Dieses Prinzip hat sich auch der Oetker-Erpresser Dieter Zlof zunutze gemacht, als er am 16. Dezember 1976 den Bruder des Entführten in einer Art Schnitzeljagd durch die Münchner Innenstadt und schließlich ins Stachus-Untergeschoss lotste. August Oetker musste den Alukoffer mit 21 Millionen Mark Lösegeld vor einer Stahltür des Fluchtsystems abstellen. Zlof, der die Anlage zuvor genau ausgekundschaftet hatte, befand sich im Gang hinter der Tür, öffnete kurz, griff sich den Koffer und floh in "falscher" Richtung zum unterirdischen Ladehof, wo sein Fahrzeug parkte - die Verfolger der Polizei scheiterten vor verschlossener Tür.

Sogar der Straßenverkehr beeinträchtigt

Die Tür neben der Apotheke gibt es bis heute - in diesem Bereich, der sogenannten A-Passage, liegt derzeit einer der Brennpunkte der Sanierungsarbeiten. Dabei kümmern sich die Experten auch um Betonstruktur und Abdichtung des Bauwerks - eine Arbeit, die sogar den Straßenverkehr beeinträchtigt.

Denn an die Dichtungsfugen kommt man nur von oben heran, im vergangenen Jahr traf es die Bayerstraße, heuer ist die Sonnenstraße an der Reihe. Die Betonsanierung hat sich als aufwendiger und zeitraubender erwiesen als zunächst erwartet. Schuld daran ist nicht zuletzt der einst sehr großzügige Umgang mit Streusalz, das die stählernen Betonbewehrungen angreift. Die Stachus-Sanierung soll frühestens Ende nächsten Jahres abgeschlossen sein.

Optisch werden die Passagen dann nicht mehr wiederzuerkennen sein. Bei der Technik freilich bleiben einige zuverlässige Veteranen weiter im Einsatz. "Wir halten unsere Anlagen stets in gutem Zustand", versichert Desing. Das Stachus-Team kann das meiste selbst reparieren, in einer der unterirdischen Werkstätten zerlegt ein Arbeiter gerade einen betagten Lüftermotor. In einem haushohen Kellerraum prüfen Elektrotechniker den Motor eines riesenhaften Rotors, der zur Erstausstattung gehört, aber bis heute treu seinen Dienst versieht: die Luft, die über einen Turm nahe der Tiefgaragenzufahrt angesaugt wird, im gesamten Gebäude zu verbreiten.

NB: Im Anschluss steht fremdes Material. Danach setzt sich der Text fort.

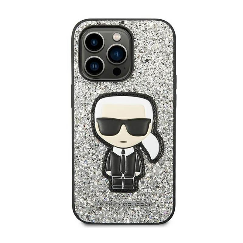 - Karl Lagerfeld Glitter Flakes Ikonik is a case, whose construction is made of high-quality materials and decorated with sewn-on graphics of the designer, additional charm is added by sunken shimmering silver glitter.

Das rote Blinklicht in der Zentralwarte ist wieder erloschen. "Es hat nur jemand gebohrt", berichtet Konrad Steiner - das löst den Rauchsensor aus. Normalerweise müsste eine solche Arbeit vorher beim Stachus-Team angemeldet werden. Nun aber muss der unvorsichtige Bohrer die kostspieligen Konsequenzen tragen: "Ein solcher Alarm beschäftigt bis zu zwei unserer Leute für bis zu zwei Stunden", erklärt Steiner. Die Überdruckbelüftung muss abgeschaltet, die Brandklappen deaktiviert werden, da kommen schnell 1500 bis 2000 Euro zusammen. Dazu kommt die Rechnung der Feuerwehr - nochmal rund 1500 Euro.